People's Century: Killing Fields: The First World War (WGBH)

 

Video: C+     Audio: B-     Extras: D     Program: B+

 

 

Any World War I documentary featuring interview footage of veterans of the Great War is well worth viewing.  The first World War is nearly a century old now, and the horrors of it — the gas, the trenches, the mechanized warfare — seem distant and remote compared with the events of World War II, partly because WWI erupted as documenting motion with film was evolving and there is a plethora of documentation from WWII.  Watching those who fought in the trenches, dodged machine gun fire, and defended themselves from vicious gas attacks makes the horrific nature of the conflict that much more palpable.

 

For this reason above any other, Killing Fields: The First World War, produced in 1995 as the second episode in the BBC-produced People’s Century series, is essential viewing.  Narrated by Alfre Woodard for the American release, the 56-minute documentary moves swiftly from the hopefulness sweeping across Europe as the continent moved into the 20th century to the outbreak of the war in 1914 to the deadly trench battles to the conclusion of the war.  Peppered throughout are first-hand accounts from soldiers and airman, recalling what they witnessed on those bloody battlefields across Europe.  The veterans provide a human element to the documentary that so many others like it lack.

 

Unfortunately, there is little else in the film that sets it apart from others like it.  Killing Fields is nothing more than a primer on World War I.  If you’re intrigued by what we’ve shown you, the producers might as well say, then by all means explore the topic elsewhere.  The menial running time is barely suitable to cover the motivations for the war — the geopolitical clashes erupting across the Eurasia that the assassination of Archduke Franz Ferdinand was a result of — let alone the battles waged, culture created, tolls taken, and world left behind as a result of the war.  The information presented in the documentary moves by too quickly for the proper exploration demanded by the importance of the war: without World War I, there would be no Hitler, no Soviet Union, no modern Middle East, no Cold War, and on and on.

 

Taken as nothing more than an introduction to the Great War, Killing Fields succeeds in presenting the pertinent information in clear, concise ways.  But this is hardly a definitive history of the war.  Likewise, this DVD presentation of the documentary is lacking.

 

While the video quality of the disc is hardly awful, all the same the full-frame presentation never rises much about cleaned-up-transfer-of-a-12-year-old-television-show.  The photographs and motion pictures from the period are clear enough, but the veteran interviews have this cloudy look to them, an artifact found in some decade-old TV recordings.  The audio side is noticeably better.  Sound effects of gun shots, explosions, and the like, as well as music, narration, and monologue, are clean and vibrant.
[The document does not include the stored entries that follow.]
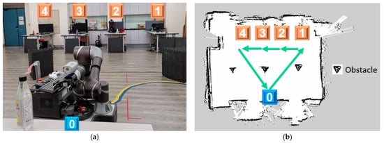 We started with the first set of experiments to check whether the proposed system could guide the robot to reach the target shelves with the desired accuracy. Figure 10a shows a scene in our laboratory that emulates the environment in a convenience store, and Figure 10b the corresponding simulated one. It was arranged to have one warehouse (number 0 in blue) and four shelves (number 1–4 in orange), with one missing item for each shelf. In the path shown in Figure 10b, the robot started from the warehouse, conducted replenishment from shelf 1 to 4 sequentially, and then returned to the warehouse. A total of five laps were executed. Table 1 and Table 2 list the position errors in reaching the shelves in X and Y direction to be less than 4 cm and 1 cm, respectively, where X is the moving direction and Y that for replenishment. As the accuracy achieved satisfied task requirements, the system was ready for the following experiments in the real environment.
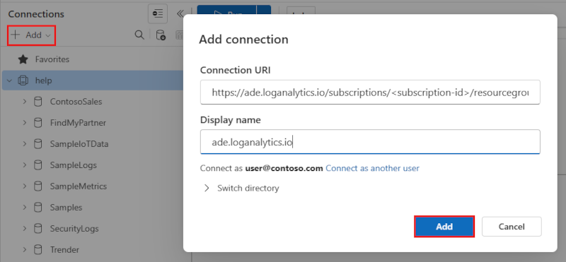 在 Azure 数据资源管理器 UI 中,依次选择“+ 添加”和“连接”。
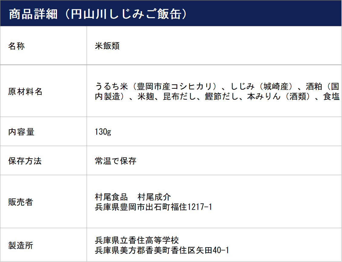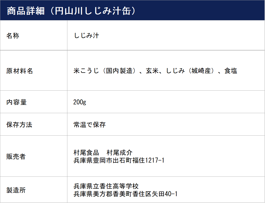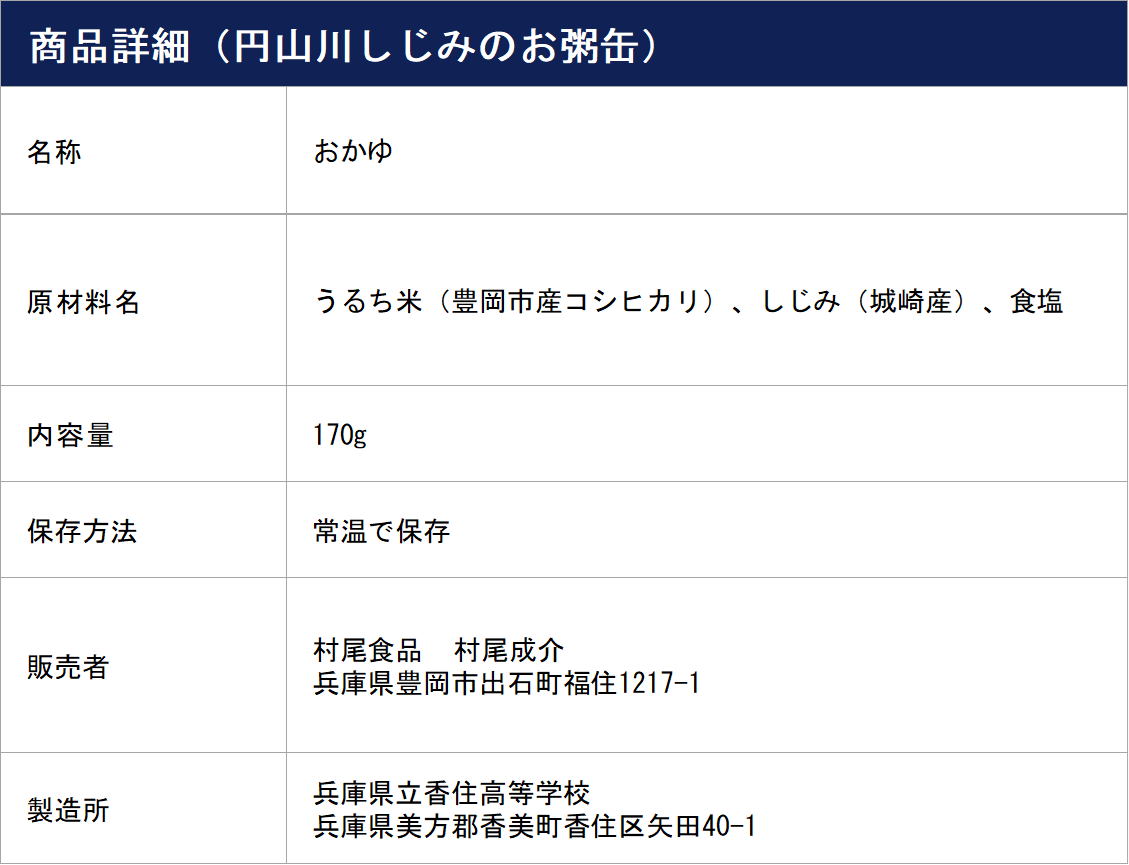 香住高校×「円山川しじみご飯缶」「円山川しじみ汁缶」「円山川しじみのお粥缶」の3種セット
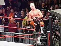 When Adam "Pacman" Jones joined TNA, Young was desperate to get an autograph, but ended up getting attacked by Ron Killings and spray painted by Pacman. Young started teaming up with Shark Boy on a consistent basis, nearly winning the number one contenders spot to the Tag Team Championship. Young was Judas Mesias' opponent in his official debut match, and was badly injured despite Shark Boy's rescue attempt. On the October 4 edition of Impact, Young faced and defeated James Storm in a Gauntlet match when he reversed Storm's sleeper hold into a pin.[26] At Bound for Glory, Young won the 15 men Fight for the Right Battle Royal by pinning Robert Roode with a small package to win the first round.[27] He was eliminated from the tournament in the second round after being pinned by Storm.[28] From there, Young and Storm engaged in a storyline which saw them compete in beer drinking contests, most notably at Genesis, where Young took Storm's World Beer Drinking Championship belt after Storm passed out.[29] Young defended the belt on the last Impact! before Turning Point in a 60-second speed drinking contest and won, but was assaulted by Storm.[30] He went on to defeat both Storm and the Angle Alliance, the latter as Samoa Joe and Kevin Nash's replacement partner for Scott Hall in matches at Turning Point.[31][32]
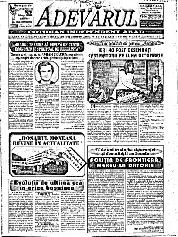 Adevărul, anul VII, nr. 1613, 1995-10-20
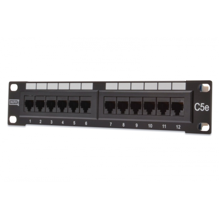 Патч-панель от компании Digitus категории 5е с экранировкой UTP. 12 гнёзд данной патч-панели имеют формат RJ-45. Кабели устанавливаются при помощи планок LSA с цветовой кодировкой. Так же имеются возможности винтового зажима оболочек и креплений для кабельных стяжек, проводов заземления. Совместима со шкафом 10" (254 мм). В качестве материала используется SECC, он же 1.5 мм гальванизированная холоднокатанная сталь.
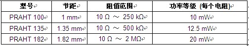 PRAHT系列的節距為1mm、1.35mm或1.82mm,阻值為10Ω~2MΩ,每個電阻的功率等級為10mW~20mW。器件具有小于-35dB的低噪聲,電壓系數小于0.01ppm/V。符合RoHS的電阻網絡提供工作溫度可達+230℃的金端接,或溫度為+200℃的SnAg端接。
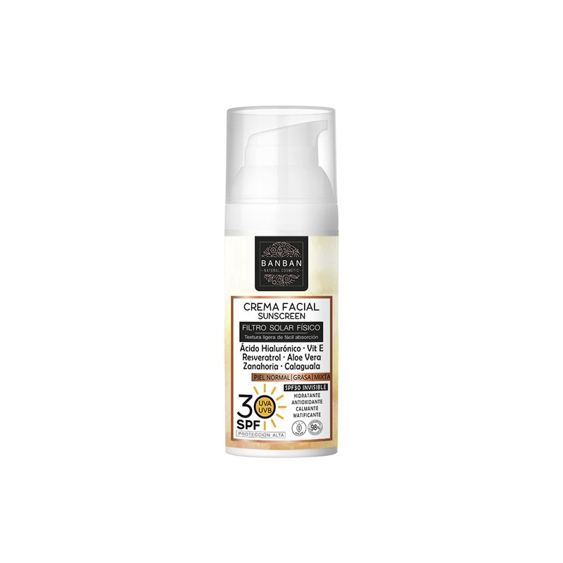 Crema Facial Filtro Solar Físico SPF30 Piel Normal, Grasa y Mixta
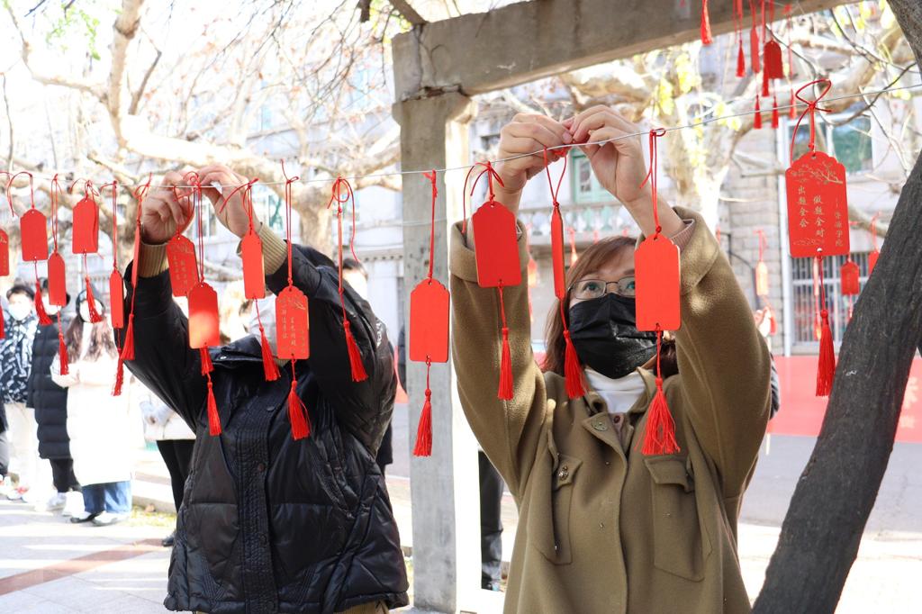 小小祝福牌,情谊满满,这是来自公司的特殊礼物。一块块写满“金榜题名”“旗开得胜”“研途星光,不负你我”等寄语的祝福牌悬挂在小花园附近的树梢上、走廊旁。路过的考研学子停下匆忙的脚步,精心挑选心仪的祝福牌,分享祝福,感受喜悦。

Even though the disc is hard on the eyes at times, it’s always easy on the ears.  Extras-wise, the disc fails.  The only special features are printable material for educators and access to the People’s Century website.

 

As a package, you cold do better than Killing Fields: The First World War.  But as a first-hand document of the memories of those who served in the war, the disc is indispensable — even as it makes you wish more people documented these veterans’ stories earlier, when more were still alive.